Data to use

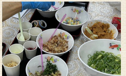
<東桃谷地域社協広報編集委員>
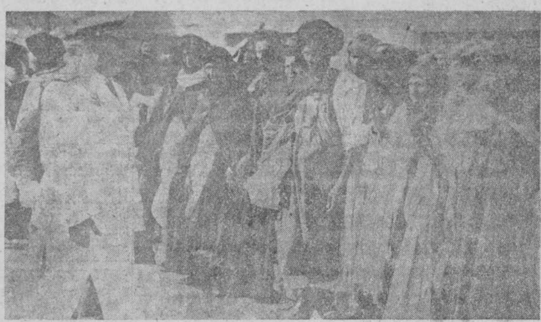
Los nobles «saharauis» de nuestras posesiones del Africa Occidental contemplan, con admiración y cariño, al Jefe del Estado español

IMPORTANCIA DE LAS OBRAS PUBLICAS CANARIAS. Santa Cruz de Tenerife.— A 200 millones de pesetas alcanza el presupuesto de las obras públicas que se realizan en esta población y algunas de las cuales han sido visitadas por el Caudillo. Se está terminando el dique muelle del Este por un importe de 38 millones. Están ya muy avanzadas las obras del dique muelle del Sur, cuyas obras dieron comienzo hace dos años, con un presupuesto de 50 millones de pesetas y también están concluyéndose las obras del muelle de la Ribera, destinadas al tráfico interinsulares e importantes en ocho millones.
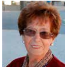
Segunda Barrante Veïna del centre

“Solucionarem molts problemes del dia a dia, estalviarem energia i complirem amb la normativa europea de contaminació lumínica”
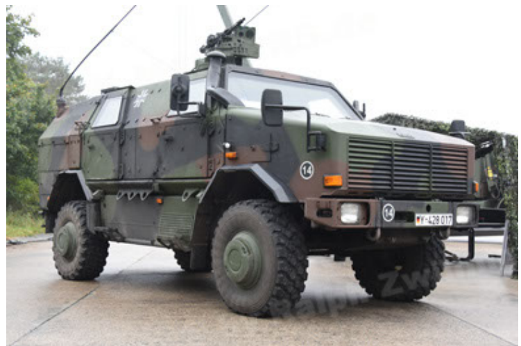
Dingo 2 GE A3 SysInstFw (12).JPG
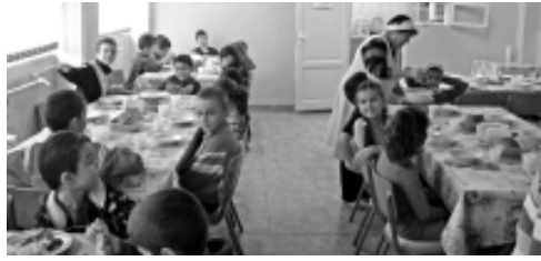
Cantina "colii generale nr. 22 „Caius Iacob”
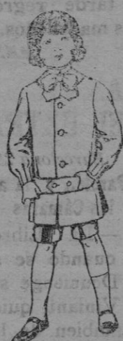
Trajes de lanilla para niños de 4 á 9 años. De Ptas. 9 á 22
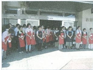
スタッフ一同お待ちしております
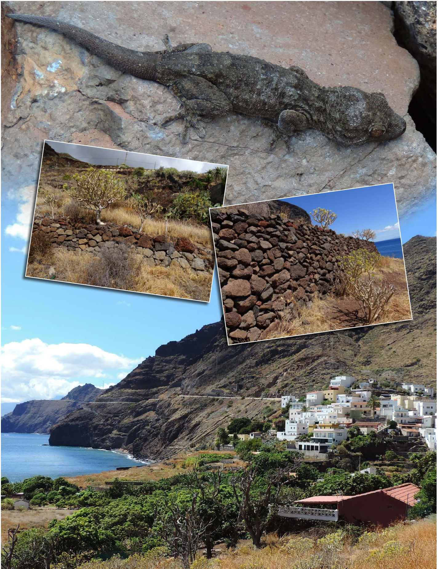
Iguete de San Andrés mit Lebensraum von Gallotia galloti , Chalcides viridanus und Tarentola delalandii

Exercise goal
Among the lines of the listing above, which ones contain the word "años"? Show them.

Output
IMPORTANCIA DE LAS OBRAS PUBLICAS CANARIAS. Santa Cruz de Tenerife.— A 200 millones de pesetas alcanza el presupuesto de las obras públicas que se realizan en esta población y algunas de las cuales han sido visitadas por el Caudillo. Se está terminando el dique muelle del Este por un importe de 38 millones. Están ya muy avanzadas las obras del dique muelle del Sur, cuyas obras dieron comienzo hace dos años, con un presupuesto de 50 millones de pesetas y también están concluyéndose las obras del muelle de la Ribera, destinadas al tráfico interinsulares e importantes en ocho millones.
Trajes de lanilla para niños de 4 á 9 años. De Ptas. 9 á 22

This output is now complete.